Whether to allow AI CPU operators and AI Core operators to run in parallel in a dynamic shape graph.

In a dynamic shape graph, when this option is enabled, the system automatically identifies AI CPU operators that can be concurrently executed with the AI Core operators in the graph. Operators of different engines are distributed to different flows to implement parallel execution among multiple engines, improving resource utilization and dynamic shape execution performance.

1: AI CPU operators and AI Core operators are allowed to run in parallel.
0 (default): AI CPU operators are not separately distributed.

Example:

npu.global_options().ac_parallel_enable="1"

compile_dynamic_mode

Whether to generalize all input shapes in the graph.

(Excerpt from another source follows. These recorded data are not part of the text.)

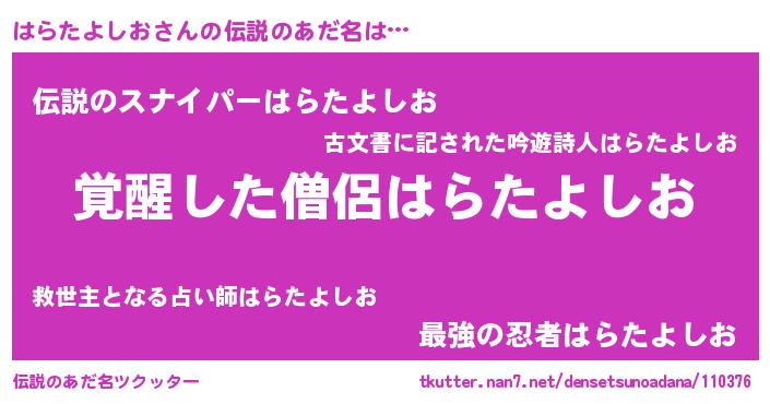 | 男性向けラノベタイトル風あだ名 | 『はらたよしおに滅ぼされるだけの簡単なお仕事です』 |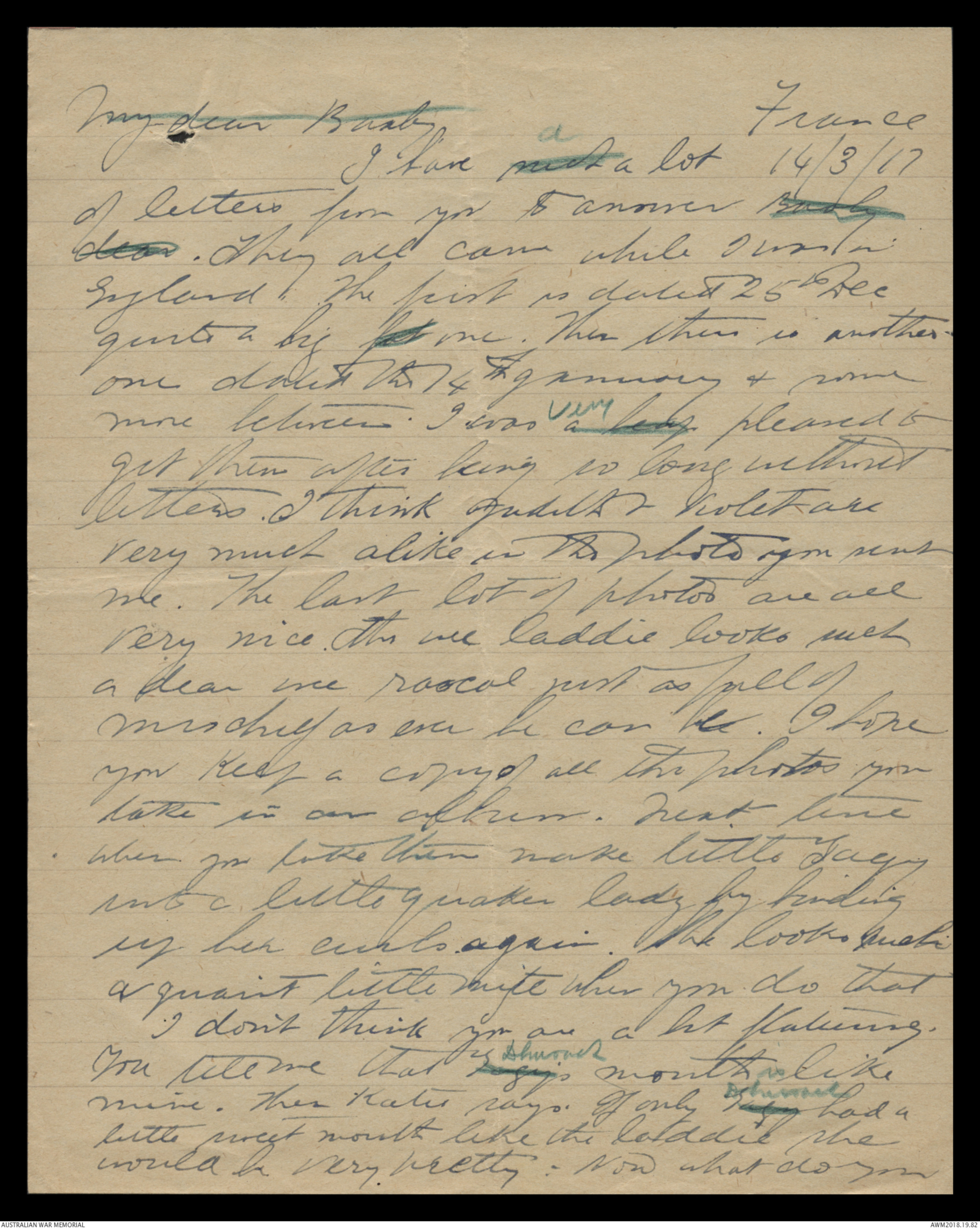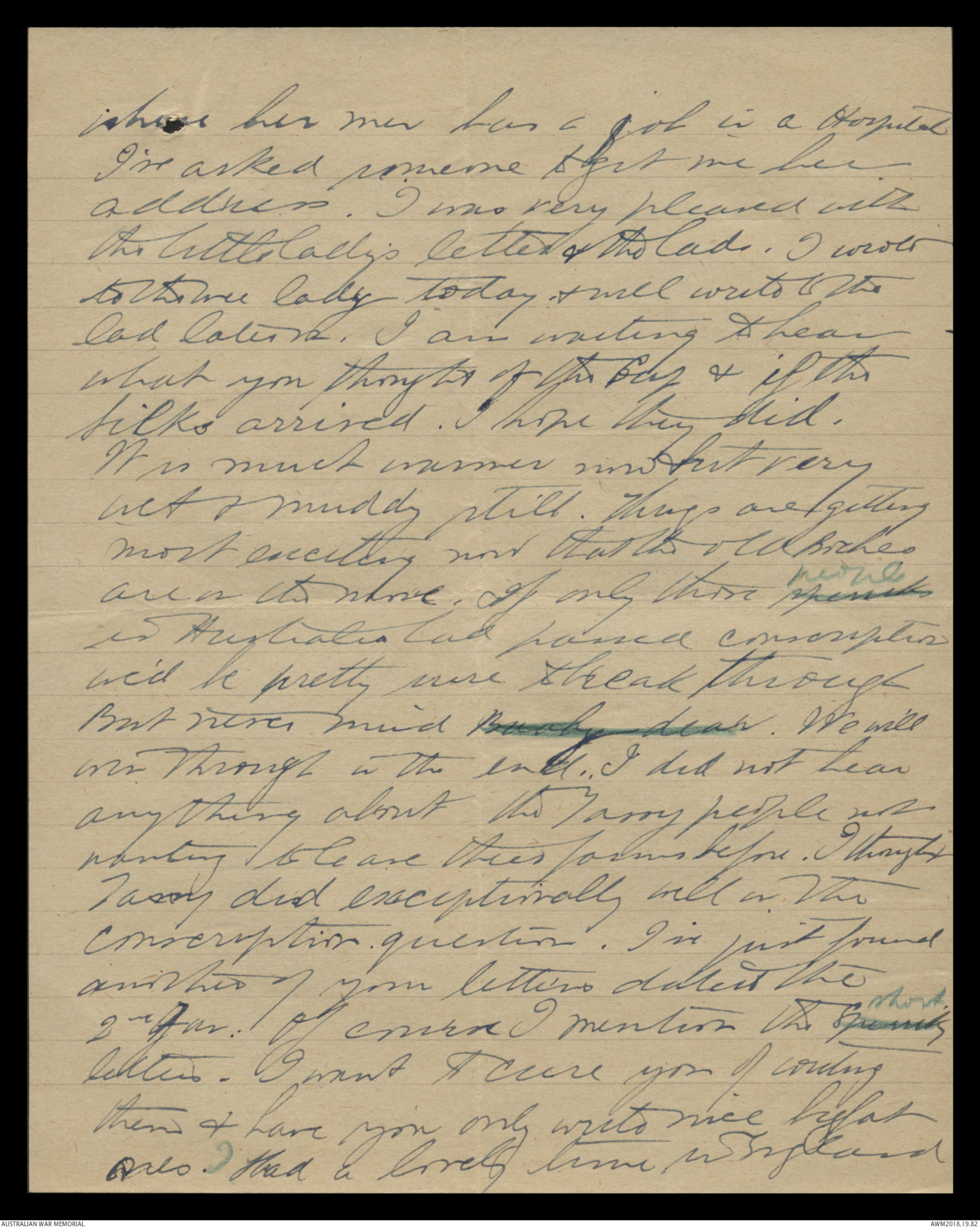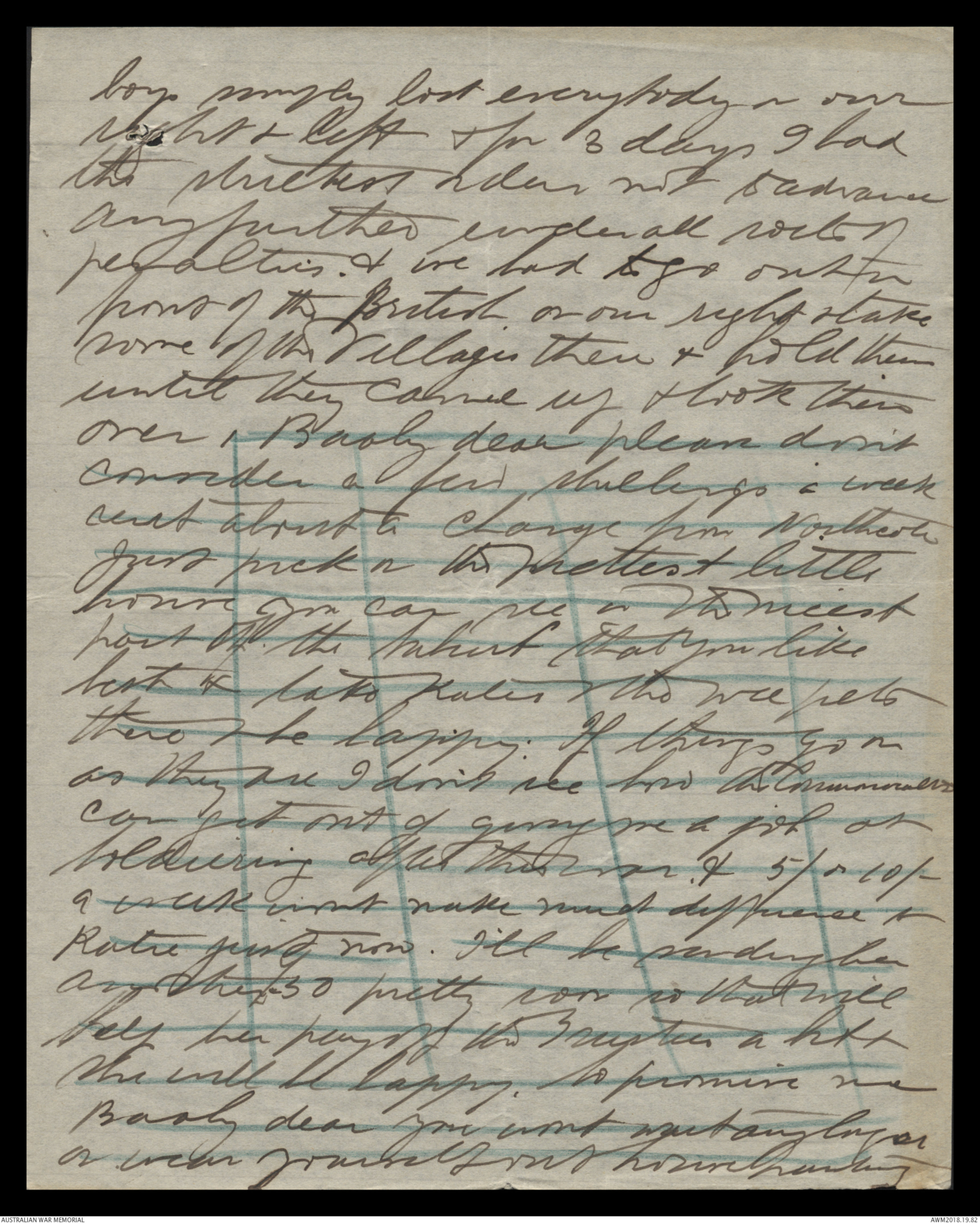 over. Baaby dear please don’tconsider a few shillings a weekrent about to change from NorthcoteJust pick on the prettiest littlehouse you can see in the nicestpart of the Suburb that you likebest & take Katie & the wee petsthere & be happy: If things go onas they are I don’t see how the Commonwealthcan get out of giving me a job atSoldiering after this war. & 5/ or 10/-a week wont make much difference toKatie just now. I’ll be sending heranother £ 50 pretty soon so that willhelp her pay off the Trustees a bit &she will be happy. So promise meBaaby dear you wont wait any longeror wear yourself out house hunting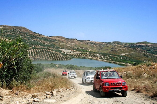 Начало этого захватывающего приключения проходит вдоль оливковых рощ. По сложным горным дорогам автомобили будут подниматься все выше и выше, минуя деревни местных жителей, которые живут в Ласситийских горах. В деревне Кастамоница будет первая остановка на пути следования. Любителям древних цивилизаций и руин это место придётся по душе. Поселок окружают древнеримские руины, по которым можно погулять. После вкусного кофе выпитого в местной кофейне можно дальше отправляться в путь.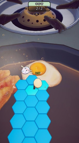 2、对局过程中会随机出现各类动态机关:高速旋转的危险铲子、湿滑难行的黄油滑道、突然翘起的煎锅边缘,这些元素是需要躲避的致命威胁,是可以利用的翻盘利器。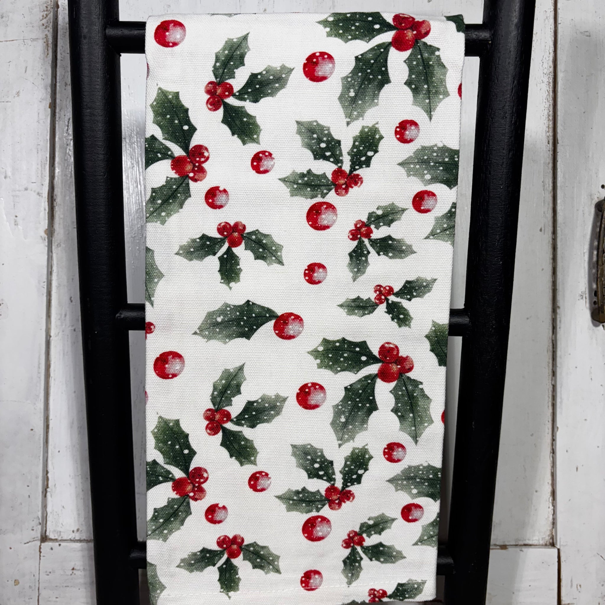 This holiday kitchen towel has bright red and green holly leaves. Great gift idea for your favorite hostess!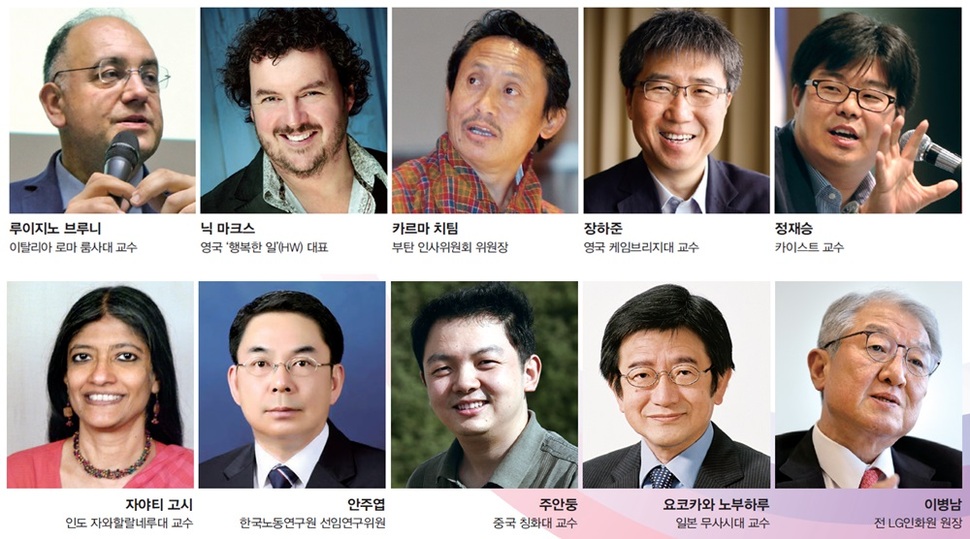 우리나라 지성들의 특강도 열립니다. 장하준 영국 케임브리지대학 교수는 ‘행복에 대한 경제학적 이해’를 강의하고, 정재승 카이스트 교수는 우리의 뇌에게 ‘지속가능한 행복’을 묻습니다. 안주엽 한국노동연구원 선임연구위원은 ‘일과 행복의 변화 추이’에 대한 국책연구기관 합동 연구결과를 발표합니다.
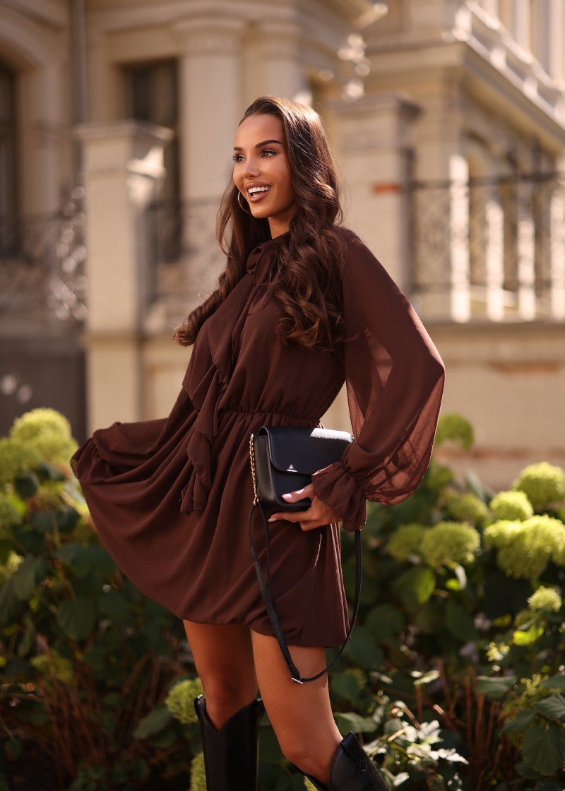 Odkryj magię jesieni z naszą wyjątkową sukienką Loven! Ta lekka sukienka mini to doskonałe połączenie stylu i komfortu, które sprawi, że poczujesz się pewnie i kobieco, niezależnie od okazji.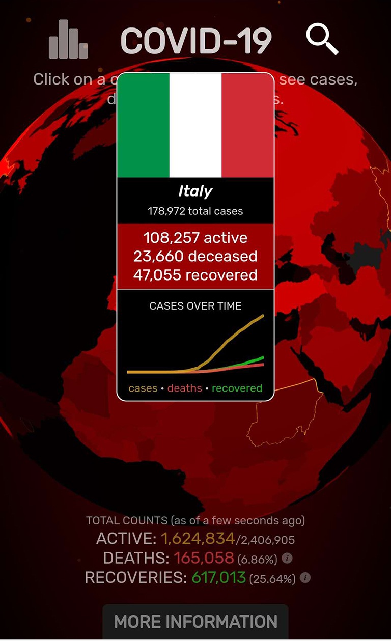 Seterusnya diikuti dengan negara Itali. Sebelum ini, negara ini mempunyai kes yang paling tinggi sebelum Amerika Syarikat. Dengan kawalan “lockdown” di negara ini, nombor kes Covid-19 terkawal. Akan tetapi, kesnya menaik perlahan jika dibandingkan pada hari pertama wabak ini meningkat.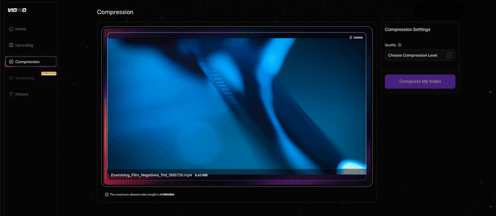 Vidaio says video compression is now live on vidaio.io, available in beta and free to use for the moment. The Bittensor-powered project focuses on AI video processing – promising smaller files at lower bitrates while preserving quality – and has previously highlighted both compression and upscaling as core features.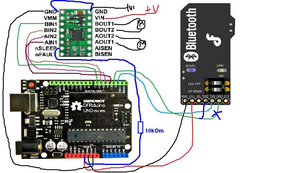Здравствуйте. Извините заранее, за возможно глупые вопросы и если здесь запрещены ссылки. Приобрел Arduino Uno, пару мотор редукторов, вот такой драйвер к ним http://www.robototehnika.ru/e-store/catalog/203/1176/ и блютуз-модуль http://www.robototehnika.ru/e-store/catalog/248/1059/ Как теперь это все соединить, что бы собрать колесного робота с управлением от андроид планшета? Хочу использовать приложение с сайта http://remotexy.com/ru/ Я нарисовал схемку подключения. Правильно или нет? Код останется таким же как и в этом примере? http://remotexy.com/ru/examples/car/ Помогите пожалуйста.

True: All input shapes are generalized to -1. Also, static shape graphs are generalized to dynamic ones.
False (default): Input shapes are not generalized.

Example:

npu.global_options().compile_dynamic_mode=True

all_tensor_not_empty

Whether to remove control nodes for empty tensor checks in the execution graph. In dynamic shape graph scenarios, control nodes are typically inserted to check whether a node is empty to prevent empty tensor nodes from being sent to the device. If you are certain that the graph does not contain empty tensors, you can enable this option to remove these control nodes and improve graph execution performance.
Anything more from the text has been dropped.